EU import duty change (from July 1, 2026) and what it means for your parcels
If you ship to the European Union, a rule change affects almost every parcel. From July 1, 2026, the EU has ended the customs-duty exemption for low-value B2C imports and introduced a small fixed duty in its place. Here's the plain-English version.
The policy, briefly
- B2C parcels imported into the EU with a declared value of €150 or less no longer get the old duty exemption.
- A fixed duty of about €3 per declared product category (HS code / declaration line) applies. A parcel with a single HS code is charged once; a parcel spanning multiple HS codes is charged cumulatively.
- Parcels declared above €150 continue under the existing EU import-tax rules.
How LoongBuy is handling it
To keep customs clearance smooth, LoongBuy has added a fixed EU Customs Duty Surcharge of about €3 per parcel for EU-bound parcels declared under €150. It's added automatically to the shipping bill when you submit and pay for a parcel. LoongBuy has said it will update the surcharge if the EU revises the rules again.
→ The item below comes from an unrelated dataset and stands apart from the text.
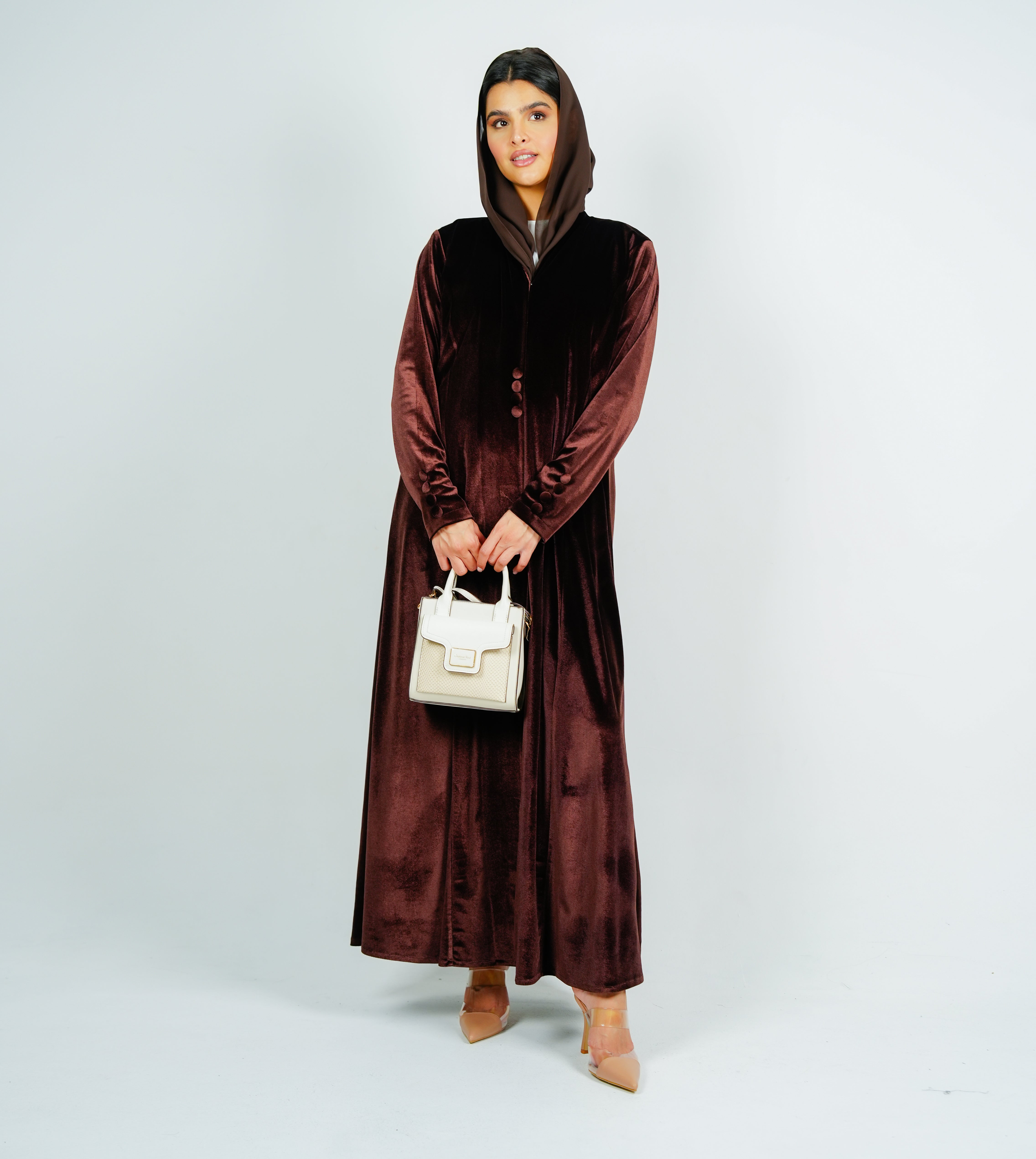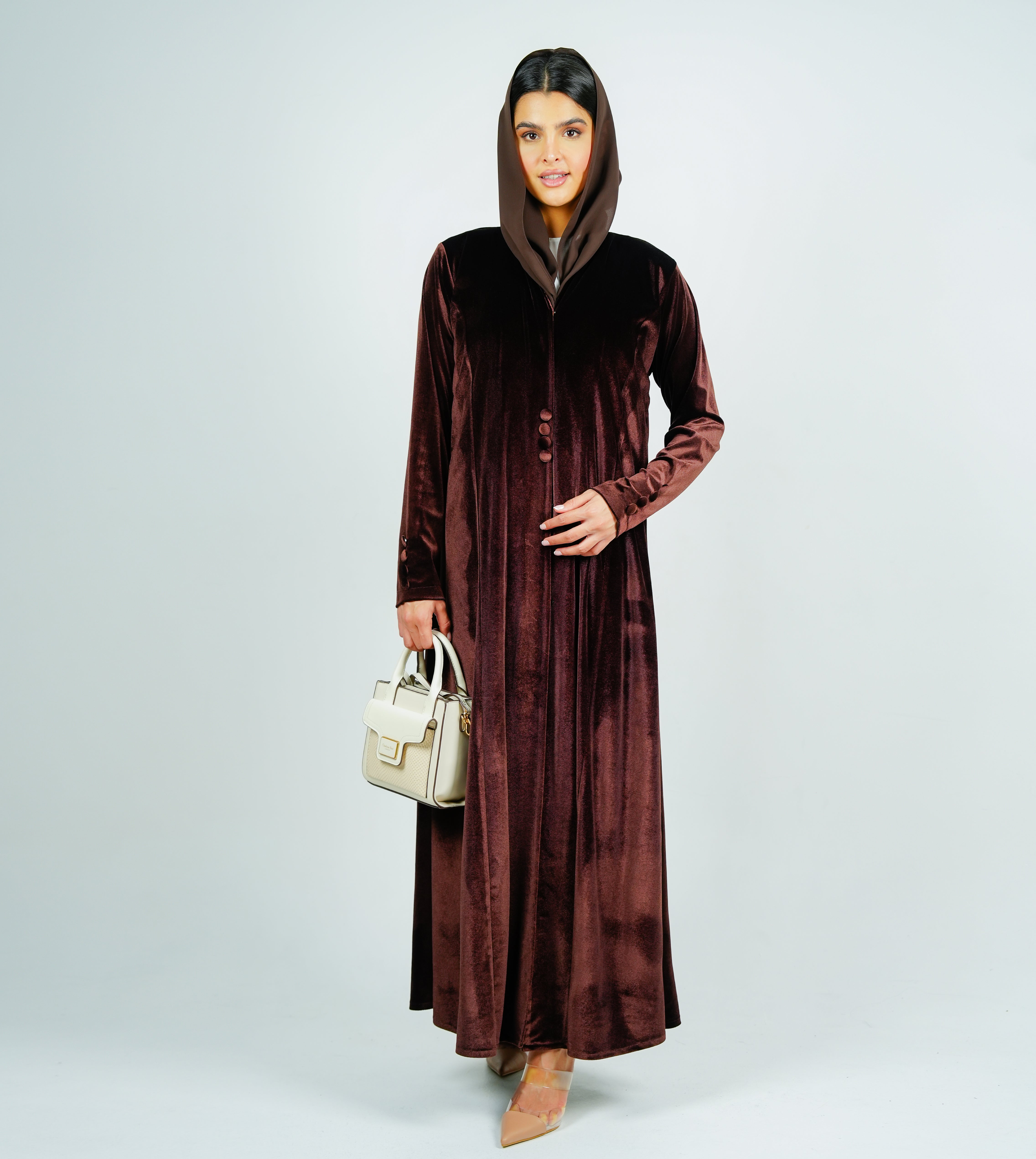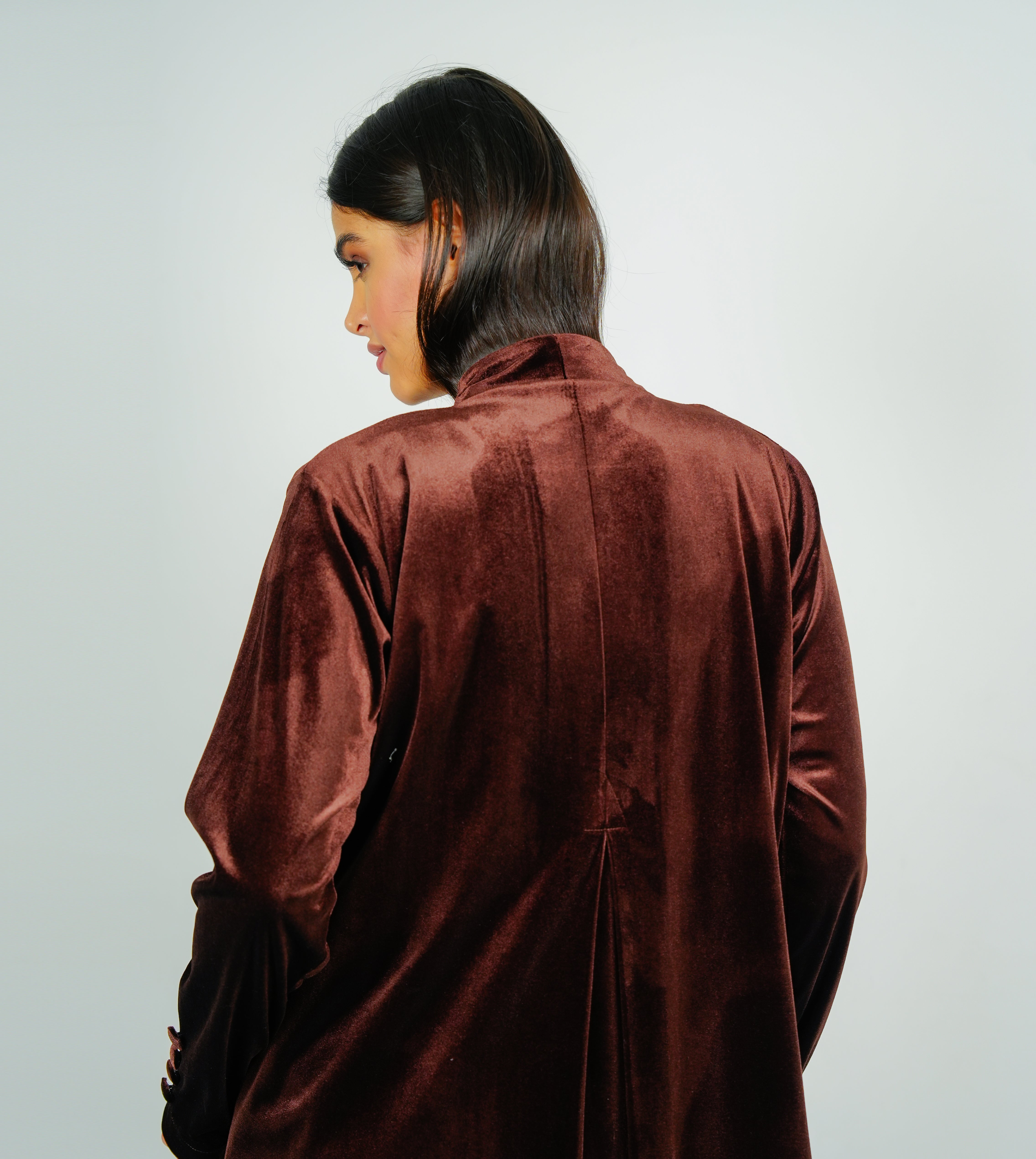 Button velvet abaya Style with Cut Design عباية مخملية بأزرار بتصميم أنيق وقصة مميزة

Beginner tip. Because the duty is charged per declared category, a parcel full of items in one HS category can be cheaper on duty than a mixed one. Consolidating similar items is worth considering — see how consolidation lowers cost.
What this means for you. EU shoppers should budget roughly €3 extra per parcel, expect it to appear automatically at parcel submission, and confirm the exact figure in the app before paying. Rules and rates can change, so treat this as guidance, not a permanent quote.